[RECORDS SHOWN]
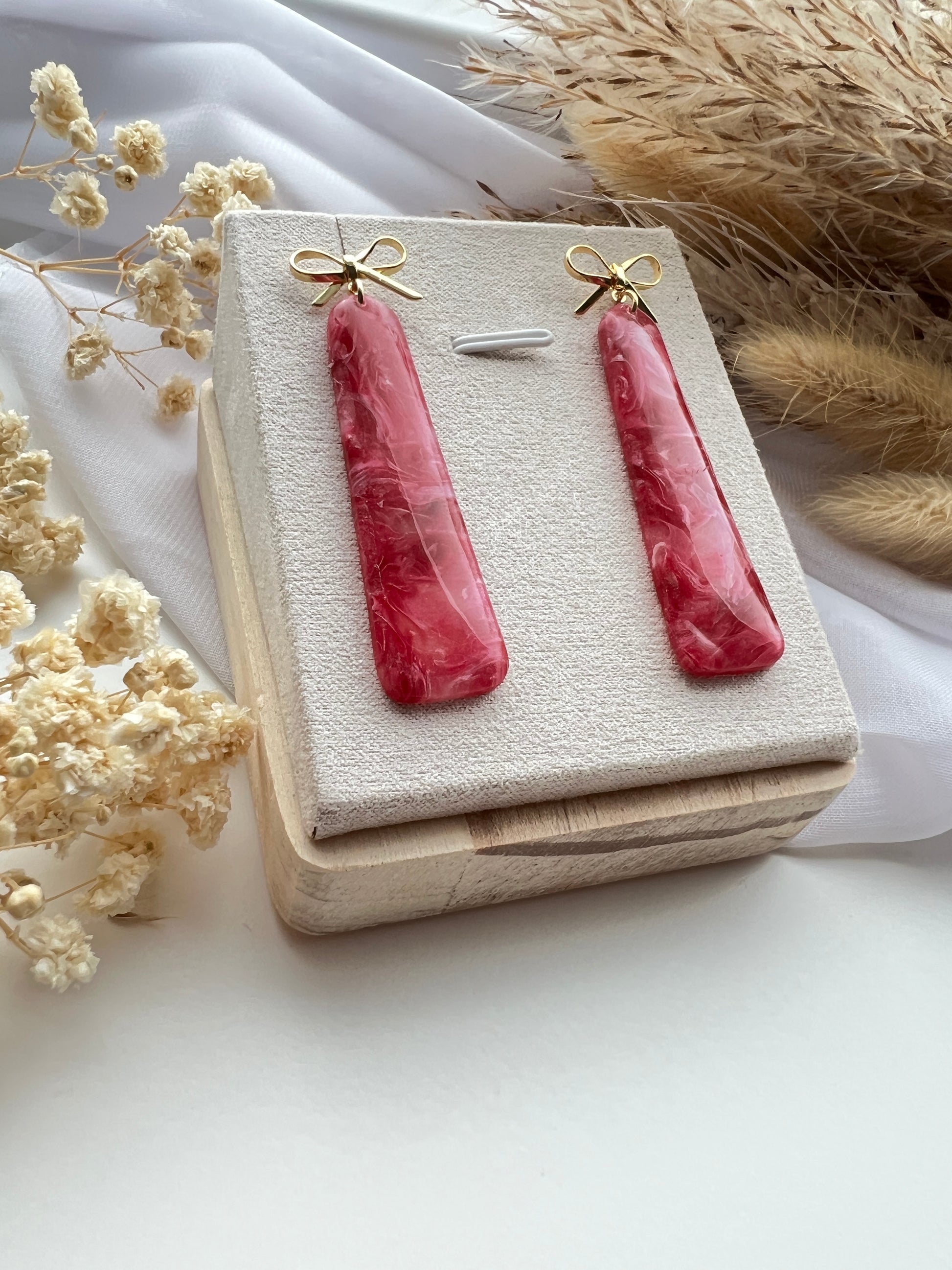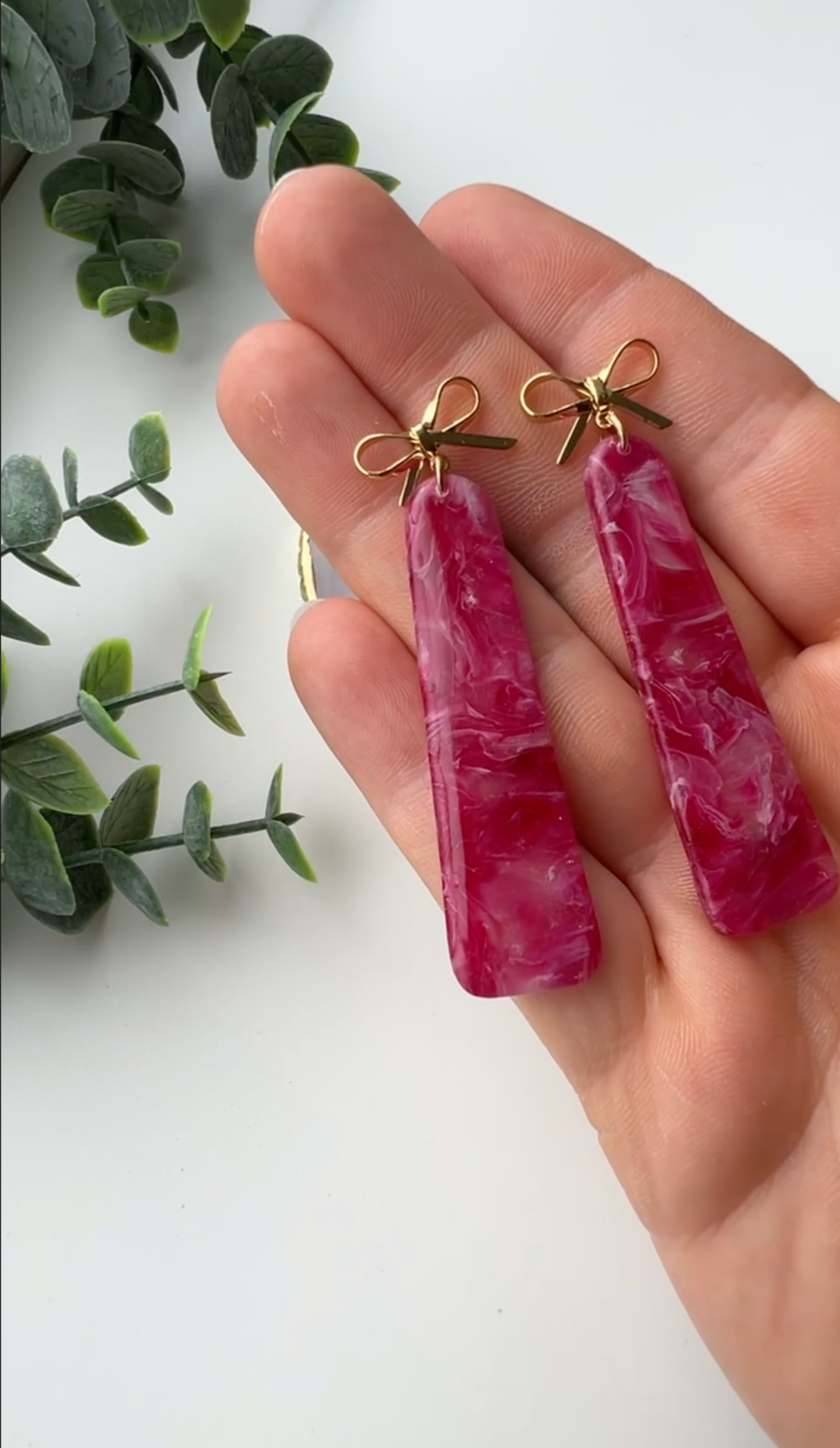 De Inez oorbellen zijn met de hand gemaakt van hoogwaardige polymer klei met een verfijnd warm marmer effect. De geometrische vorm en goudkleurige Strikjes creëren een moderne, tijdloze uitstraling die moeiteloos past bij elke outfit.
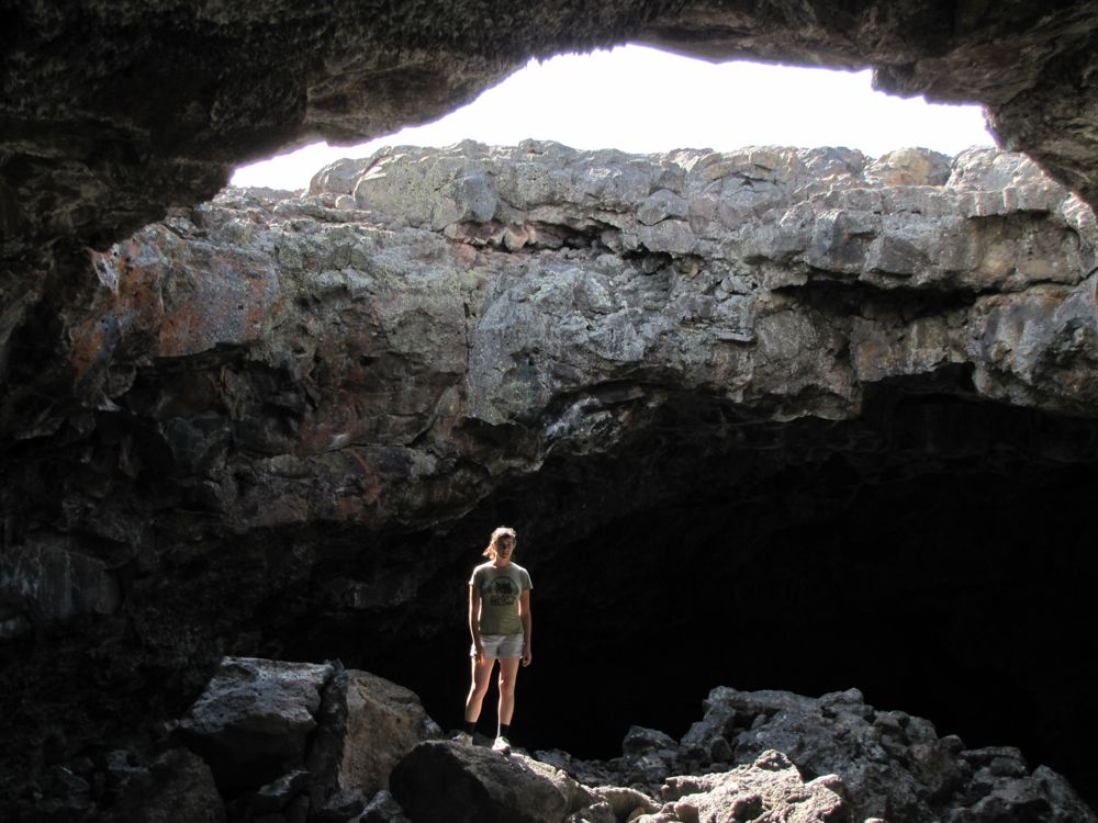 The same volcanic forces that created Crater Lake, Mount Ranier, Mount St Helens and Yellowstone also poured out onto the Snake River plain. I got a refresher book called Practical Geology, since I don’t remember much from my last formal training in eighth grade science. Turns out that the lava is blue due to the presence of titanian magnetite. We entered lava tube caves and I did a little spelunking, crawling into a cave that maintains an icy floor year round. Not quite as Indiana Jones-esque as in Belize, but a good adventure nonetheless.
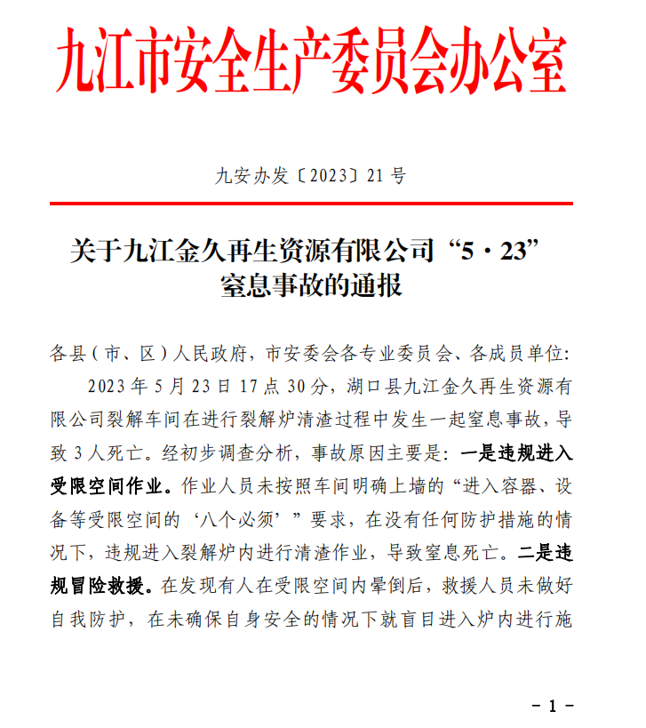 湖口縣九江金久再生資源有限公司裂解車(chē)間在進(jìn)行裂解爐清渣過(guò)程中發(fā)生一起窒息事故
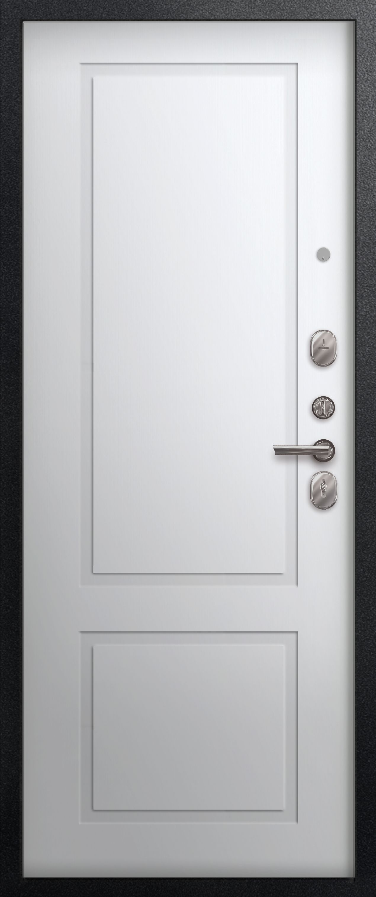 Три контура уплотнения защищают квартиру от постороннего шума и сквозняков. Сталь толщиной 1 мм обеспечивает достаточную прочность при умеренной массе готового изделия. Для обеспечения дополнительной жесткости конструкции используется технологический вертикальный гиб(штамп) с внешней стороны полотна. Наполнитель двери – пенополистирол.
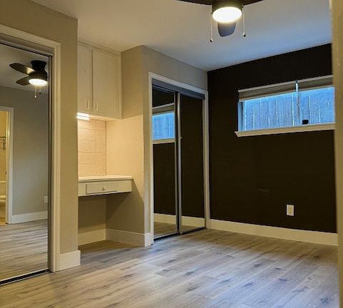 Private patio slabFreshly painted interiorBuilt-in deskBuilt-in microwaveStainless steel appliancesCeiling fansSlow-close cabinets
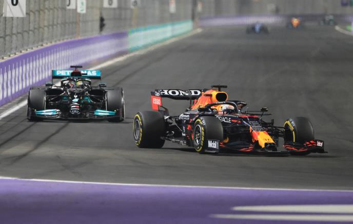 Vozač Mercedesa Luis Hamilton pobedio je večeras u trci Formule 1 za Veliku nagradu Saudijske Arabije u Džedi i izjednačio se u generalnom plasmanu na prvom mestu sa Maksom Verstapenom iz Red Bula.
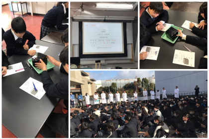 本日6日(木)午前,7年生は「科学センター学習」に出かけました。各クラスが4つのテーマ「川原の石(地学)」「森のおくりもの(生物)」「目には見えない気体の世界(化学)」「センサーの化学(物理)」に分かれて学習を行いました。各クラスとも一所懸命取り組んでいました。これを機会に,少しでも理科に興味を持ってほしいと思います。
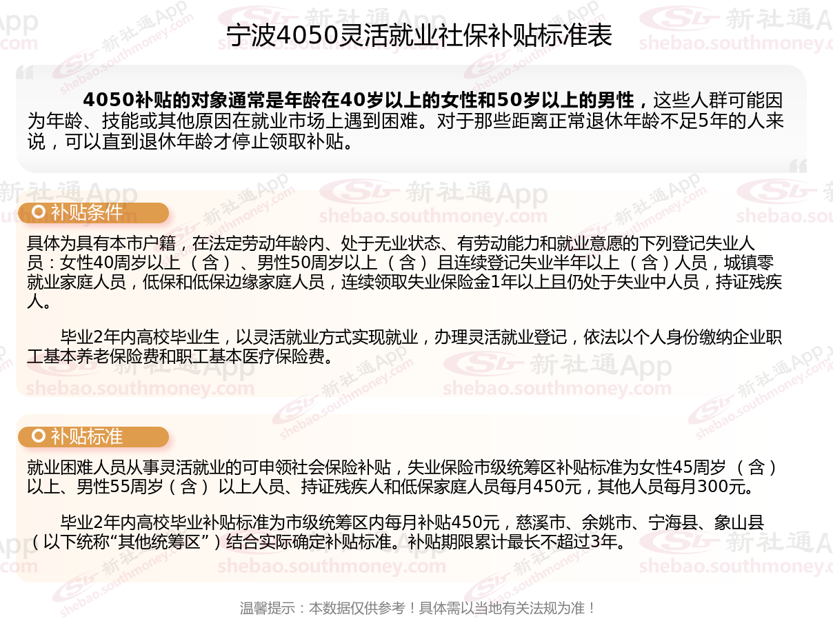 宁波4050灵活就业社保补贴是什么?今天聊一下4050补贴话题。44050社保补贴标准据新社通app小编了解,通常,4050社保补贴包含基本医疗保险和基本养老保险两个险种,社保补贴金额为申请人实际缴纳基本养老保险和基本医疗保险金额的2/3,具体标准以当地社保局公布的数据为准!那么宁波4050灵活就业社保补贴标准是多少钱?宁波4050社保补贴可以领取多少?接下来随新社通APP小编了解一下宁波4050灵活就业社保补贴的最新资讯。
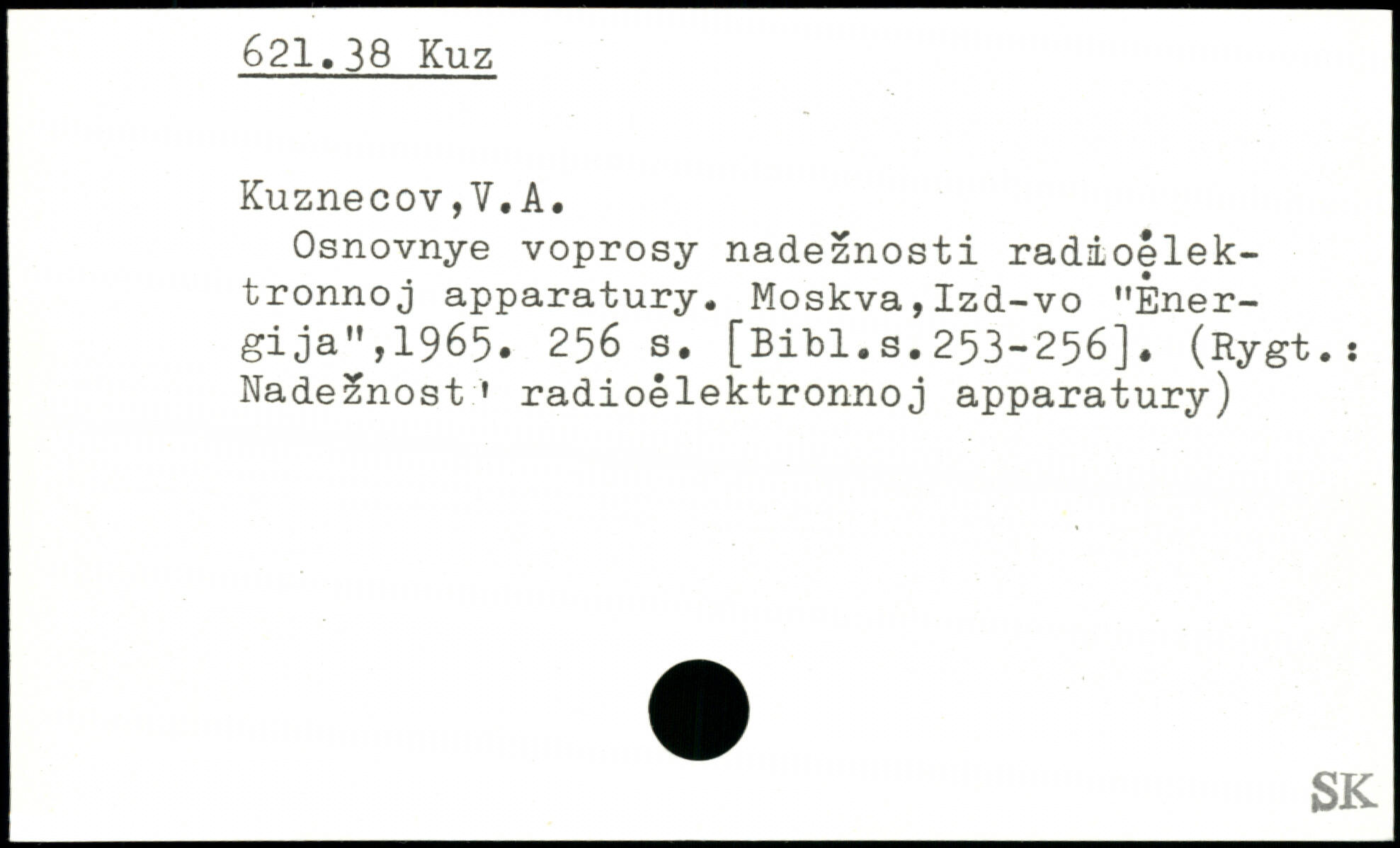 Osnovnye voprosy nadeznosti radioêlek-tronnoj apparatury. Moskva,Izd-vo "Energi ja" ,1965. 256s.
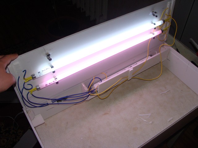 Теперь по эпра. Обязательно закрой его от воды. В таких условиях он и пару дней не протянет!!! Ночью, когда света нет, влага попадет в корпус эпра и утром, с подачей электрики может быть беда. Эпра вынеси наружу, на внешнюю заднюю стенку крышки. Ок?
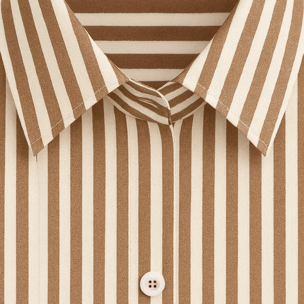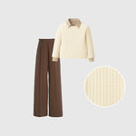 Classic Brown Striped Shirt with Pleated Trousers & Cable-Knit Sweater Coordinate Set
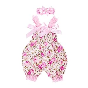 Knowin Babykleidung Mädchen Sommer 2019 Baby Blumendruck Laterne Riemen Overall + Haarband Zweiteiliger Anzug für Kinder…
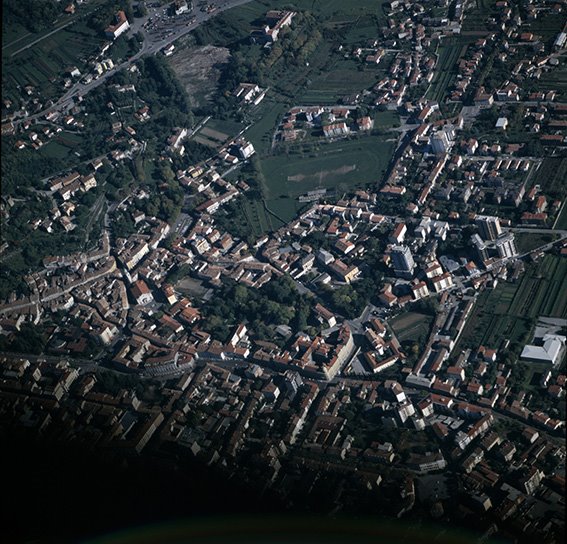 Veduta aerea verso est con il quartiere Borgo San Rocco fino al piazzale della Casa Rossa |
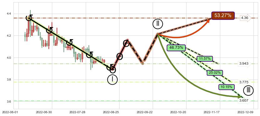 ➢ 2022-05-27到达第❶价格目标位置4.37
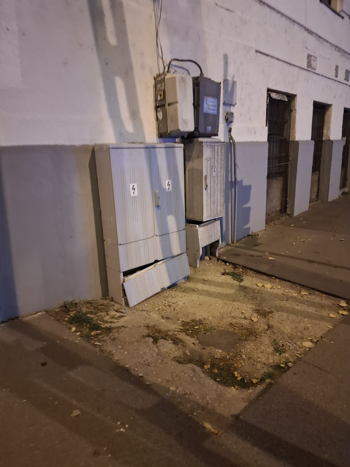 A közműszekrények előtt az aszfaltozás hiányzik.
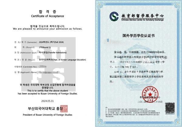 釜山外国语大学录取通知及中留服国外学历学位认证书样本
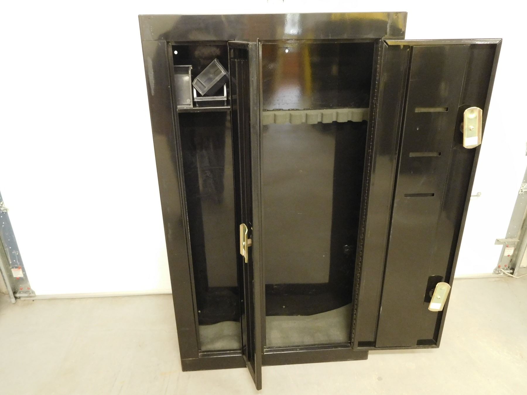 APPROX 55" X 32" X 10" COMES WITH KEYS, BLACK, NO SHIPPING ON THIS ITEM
[/RECORDS SHOWN]
Copy nothing but the lines above from the one with "Osnovnye voprosy nadeznosti" through the end of the material, word for word, and drop the pictures.

 Osnovnye voprosy nadeznosti radioêlek-tronnoj apparatury. Moskva,Izd-vo "Energi ja" ,1965. 256s.
 Теперь по эпра. Обязательно закрой его от воды. В таких условиях он и пару дней не протянет!!! Ночью, когда света нет, влага попадет в корпус эпра и утром, с подачей электрики может быть беда. Эпра вынеси наружу, на внешнюю заднюю стенку крышки. Ок?
 Classic Brown Striped Shirt with Pleated Trousers & Cable-Knit Sweater Coordinate Set
 Knowin Babykleidung Mädchen Sommer 2019 Baby Blumendruck Laterne Riemen Overall + Haarband Zweiteiliger Anzug für Kinder…
 Veduta aerea verso est con il quartiere Borgo San Rocco fino al piazzale della Casa Rossa |
 ➢ 2022-05-27到达第❶价格目标位置4.37
 A közműszekrények előtt az aszfaltozás hiányzik.
 釜山外国语大学录取通知及中留服国外学历学位认证书样本
 APPROX 55" X 32" X 10" COMES WITH KEYS, BLACK, NO SHIPPING ON THIS ITEM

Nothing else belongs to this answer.